In talking to John Stossel, I mentioned an incident at the Virginia ratification convention in 1788, in the debate between Patrick Henry and James Madison. This debate is an amazing moment in constitutional history and it deserves more attention than it’s received. Historians often focus on the deliberations of the Philadelphia convention, but there was relatively strong consensus there—whereas at Richmond, Henry and his allies, who were some of the most respected names in Virginia and remain giants in American history, brought their considerable talents to bear in opposing the Constitution in toto. Madison—who was a very unimpressive speaker—was forced to rely on sheer force of argument in rebutting their inflammatory and intense arguments. After days of Henry trotting out the terrible dangers of the proposed Constitution, Madison finally came to the last of his many reasons for rejecting Henry’s allegations that Congress would do all sorts of terrible things. Madison had explained why checks and balances and limited powers and other features of the Constitution would limit the mischief that Congress might get up to. Henry, of course, kept saying that Congress might violate the law, which of course is irrefutable—political leaders who are disposed to do so could do any number of awful things. So Madison finally came to his last point:
I have observed, that gentlemen suppose, that the general legislature will do every mischief they possibly can, and that they will omit to do every thing good which they are authorised to do. If this were a reasonable supposition, their objections would be good. I consider it reasonable to conclude, that they will as readily do their duty, as deviate from it: Nor do I go on the grounds mentioned by gentlemen on the other side--that we are to place unlimited confidence in them, and expect nothing but the most exalted integrity and sublime virtue. But I go on this great republican principle, that the people will have virtue and intelligence to select men of virtue and wisdom. Is there no virtue among us? If there be not, we are in a wretched situation. No theoretical checks--no form of government can render us secure. To suppose that any form of government will secure liberty or happiness without any virtue in the people, is a chimerical idea. If there be sufficient virtue and intelligence in the community, it will be exercised in the selection of these men. So that we do not depend on their virtue, or put confidence in our rulers, but in the people who are to choose them.
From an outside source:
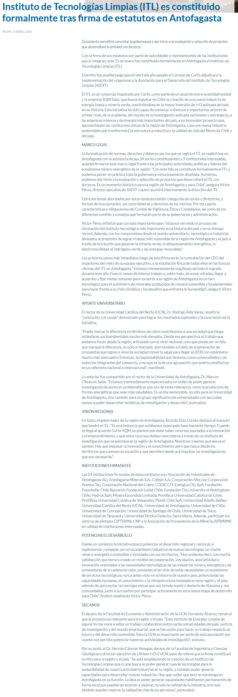 Instituto de Tecnologías Limpias se constituye formalmente tras la firma de sus estatutos - (norteyenegia.cl)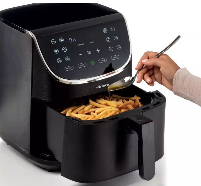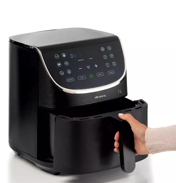 С помощью аэрофритюрницы Airy Fryer 7L вы сможете обжаривать любые продукты в больших количествах, используя всего лишь ложку масла, делая жареную пищу одновременно полезной и вкусной. Используя большую корзину во фритюрнице Ariete's Airy Fryer 7L, вы сможете приготовить до 2,8 кг картофельной соломки за один прием! Не только картофельная соломка - также крокеты, рыбные, мясные и многие другие блюда в панировке, как замороженные и готовые к запеканию, так и свежие, только что обваленные в сухарях - это возможно с помощью двенадцати предустановленных программ.

Madison made the same point in Federalist 55. The Constitution’s authors, he said, did not have an overly optimistic view of political leaders, or an unduly pessimistic view. After explaining again the many devices that the Constitution created to protect us against government abuse, he wrote,
[T]o suppose that [various government benefits] would be sufficient to purchase the guardians of the people, selected by the people themselves, is to renounce every rule by which events ought to be calculated, and to substitute an indiscriminate and unbounded jealousy, with which all reasoning must be vain. The sincere friends of liberty, who give themselves up to the extravagancies of this passion, are not aware of the injury they do their own cause. As there is a degree of depravity in mankind which requires a certain degree of circumspection and distrust, so there are other qualities in human nature which justify a certain portion of esteem and confidence. Republican government presupposes the existence of these qualities in a higher degree than any other form. Were the pictures which have been drawn by the political jealousy of some among us faithful likenesses of the human character, the inference would be, that there is not sufficient virtue among men for self-government; and that nothing less than the chains of despotism can restrain them from destroying and devouring one another.
Alexis de Tocqueville sounded the same theme when he wrote that “in the constitutions of all nations, of whatever kind they may be, a certain point exists at which the legislator must have recourse to the good sense and the virtue of his fellow citizens. This point is nearer and more prominent in republics, while it is more remote and more carefully concealed in monarchies; but it always exists somewhere. There is no country in which everything can be provided for by the laws, or in which political institutions can prove a substitute for common sense and public morality.”
Today, people often tell me they’re exasperated at the idea that the Constitution is a safeguard for our liberty, given how often it has been ignored or violated. And that’s a valid concern. But the Constitution is only words on paper—just like a contract, a map, a recipe, a deed, or the Bible. We can ignore what these words mean—but we cannot blame the words on paper for failing to protect us from ourselves. It is up to us to honor the Constitution’s meaning, and we have only ourselves to blame when we fall short. To paraphrase Auden, when we ignore it or dodge its meaning, that’s the way we’re punished by the Constitution.